A prime is called of maximal rank if $r(p)=p-\left( \frac{D}{p} \right)$.
Kimball and Webb's congruence is the following:
$$
v_p\left(\sum_{t=1}^{r(p)-1}\frac{V_t}{U_t} \right)\geq 2,
$$
when $p\geq 5$ is a prime of maximal rank. In the above inequality and in the rest of this note $v_p(x)$ denotes the standard $p$-adic valuation of the rational number $x$, where $p$ is a prime number.
Note that for $P=2, \ Q=1$ we recover Wolstenholme's congruence.

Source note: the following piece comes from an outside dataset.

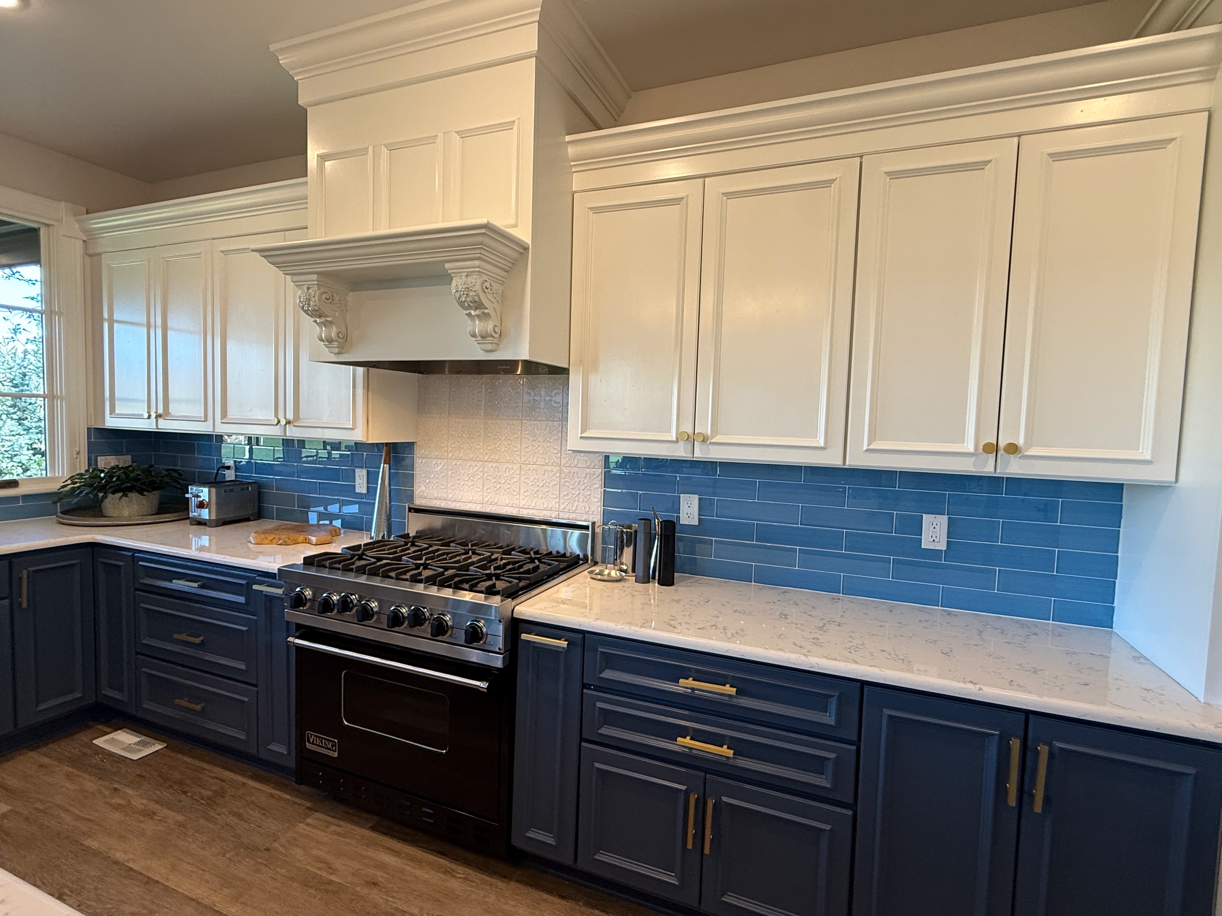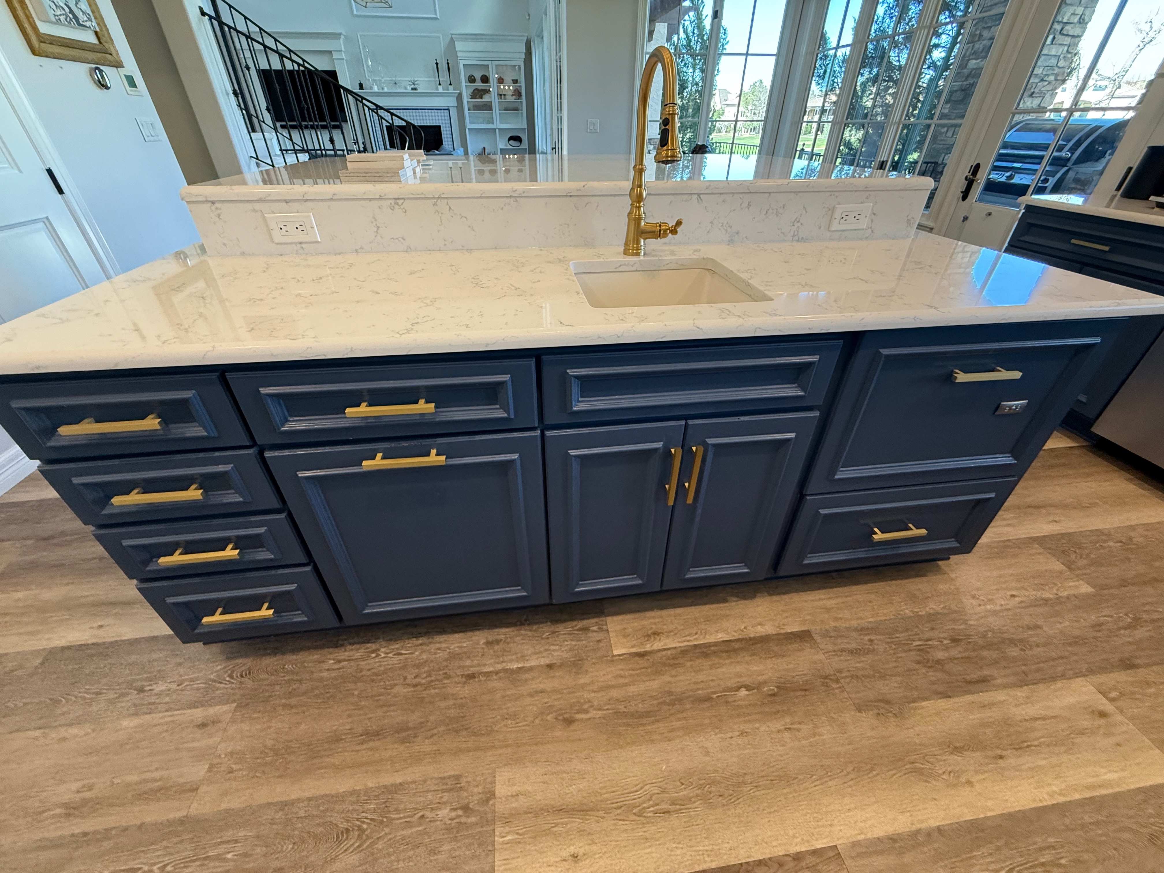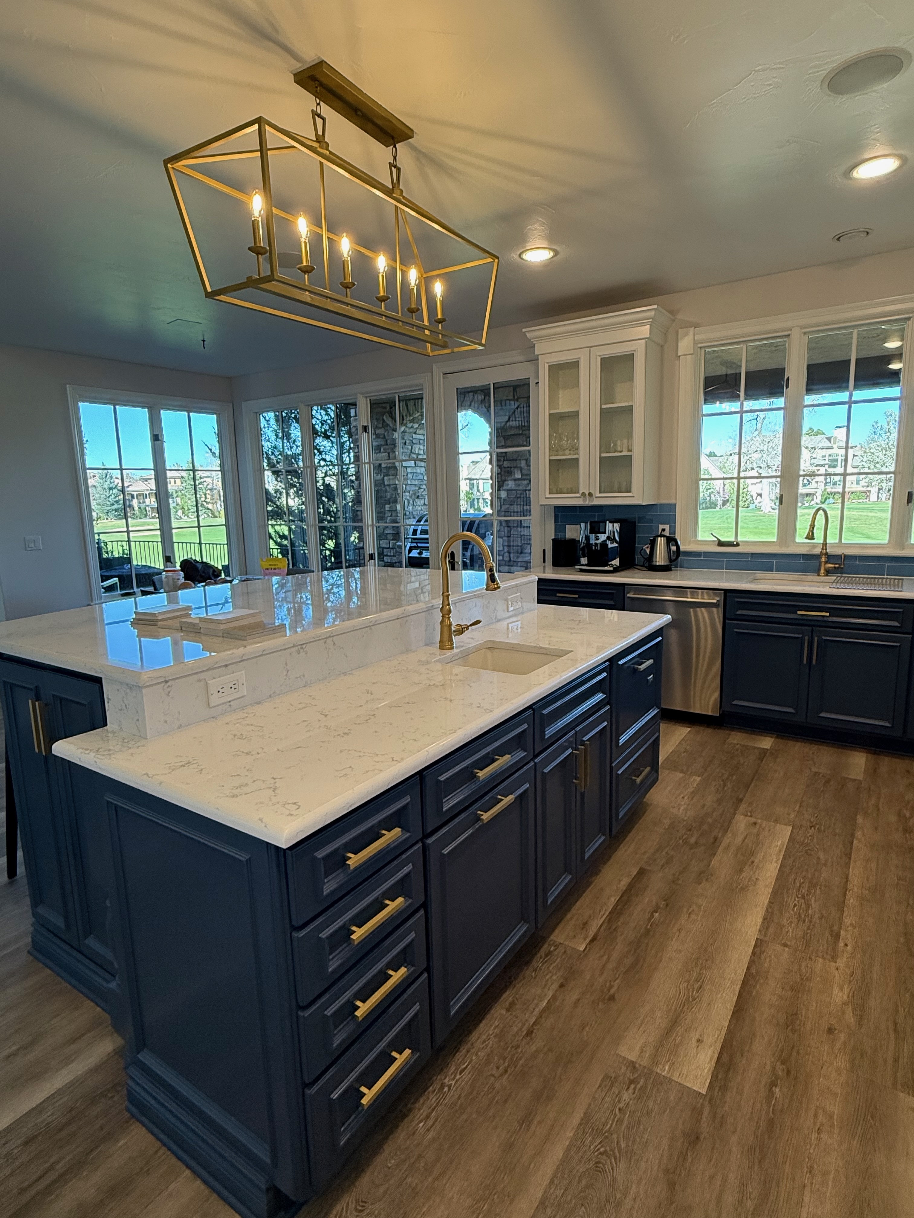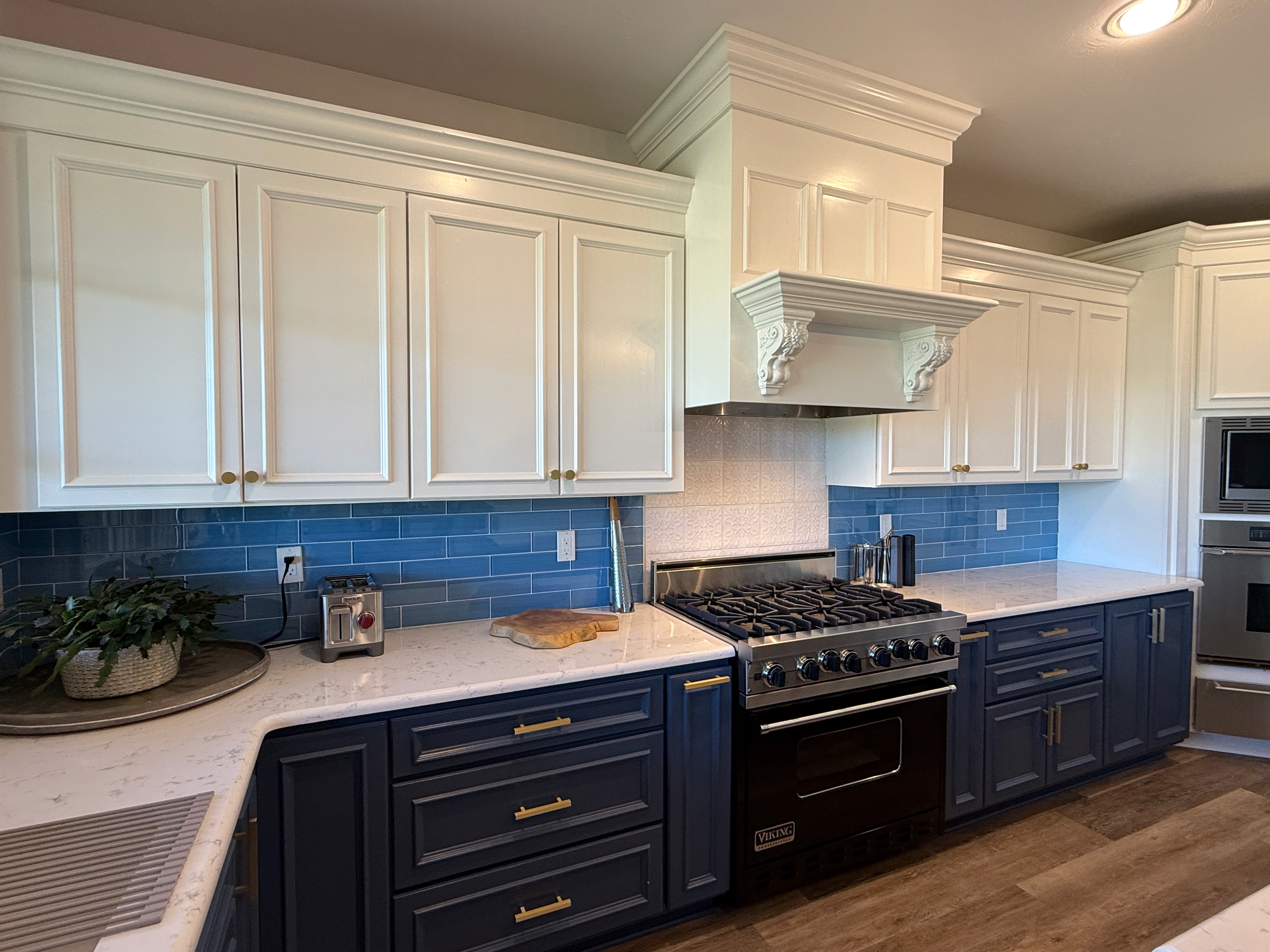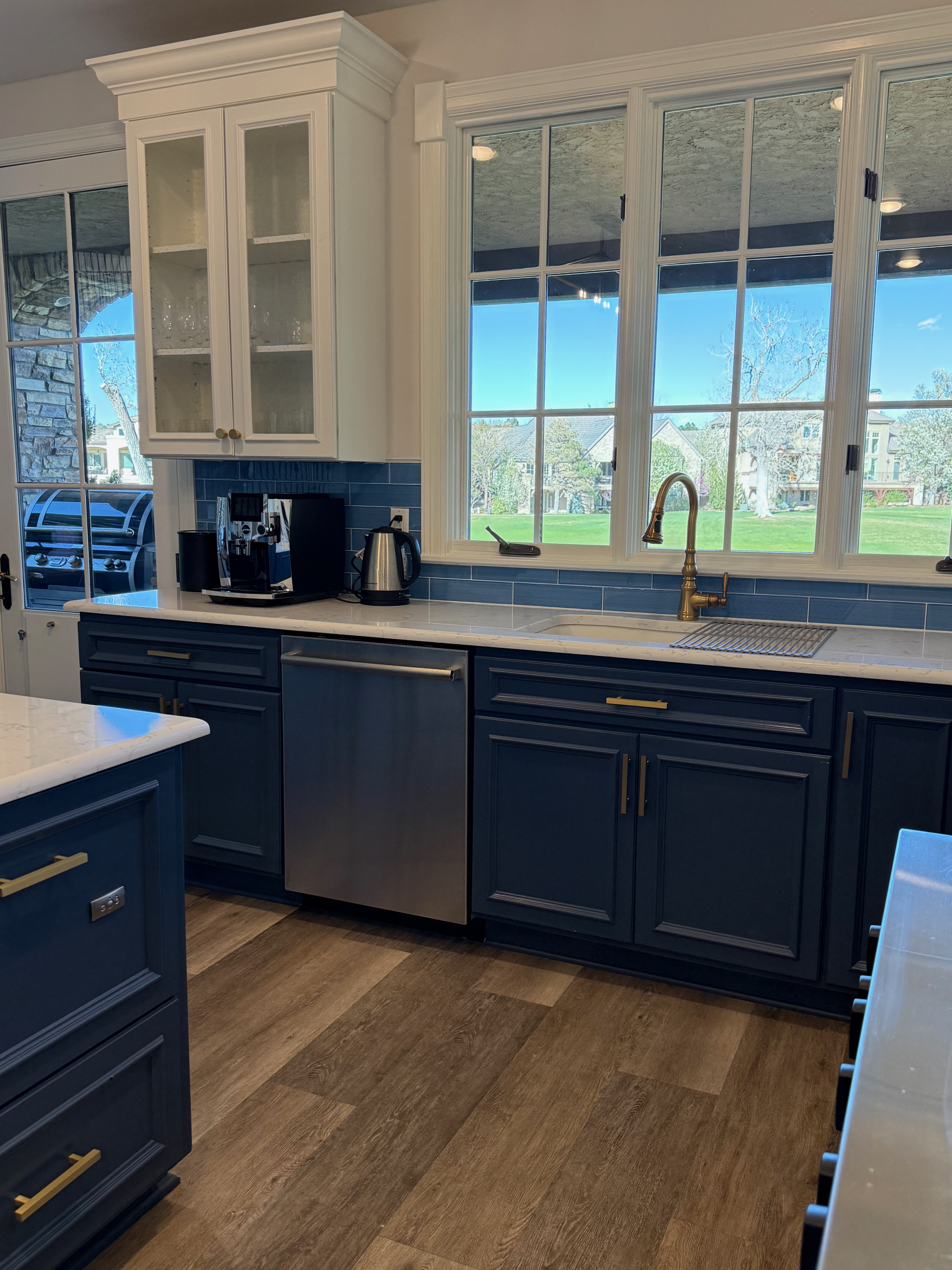 This transitional, modern style kitchen features shaker style cabinets which are timeless and versatile with a classic white upper cabinet with lower cabinets in a popular blue sophisticated contrast. The quartz countertops and brushed brass door hardware lends a traditional elegant feel. The kitchen package comes with luxury Viking, Sub-Zero and Dacor appliances. Available early July tbd. Price for the package below. Available tbd early July.

In turn, Ballot \cite{Ball} generalized Kimball and Webb's congruence in the following:
\begin{proposition}
Let $(U_t)$ and $(V_t)$ be a pair of Lucas sequences.
If $m$ is of maximal rank and $\gcd(m,6Q)$=1 then
$$v_q\left(\sum_{t\in I_m}\frac{V_t}{U_t}\right)\geq 2v_q(m),$$
where $q$ is a prime divisor of $m$ and
$$
I_m=\{n: 1\leq n \leq r(m)\}-\bigcup_{\substack{p \ \textrm{is prime}\\ p \, | \, m}}\Z \cdot r(p).
$$
\end{proposition}
\begin{remark} Ballot \cite{Ball} proves more, most notably the condition that $\gcd(m,6)=1$ is not there and a complete list of what happens in those cases is given.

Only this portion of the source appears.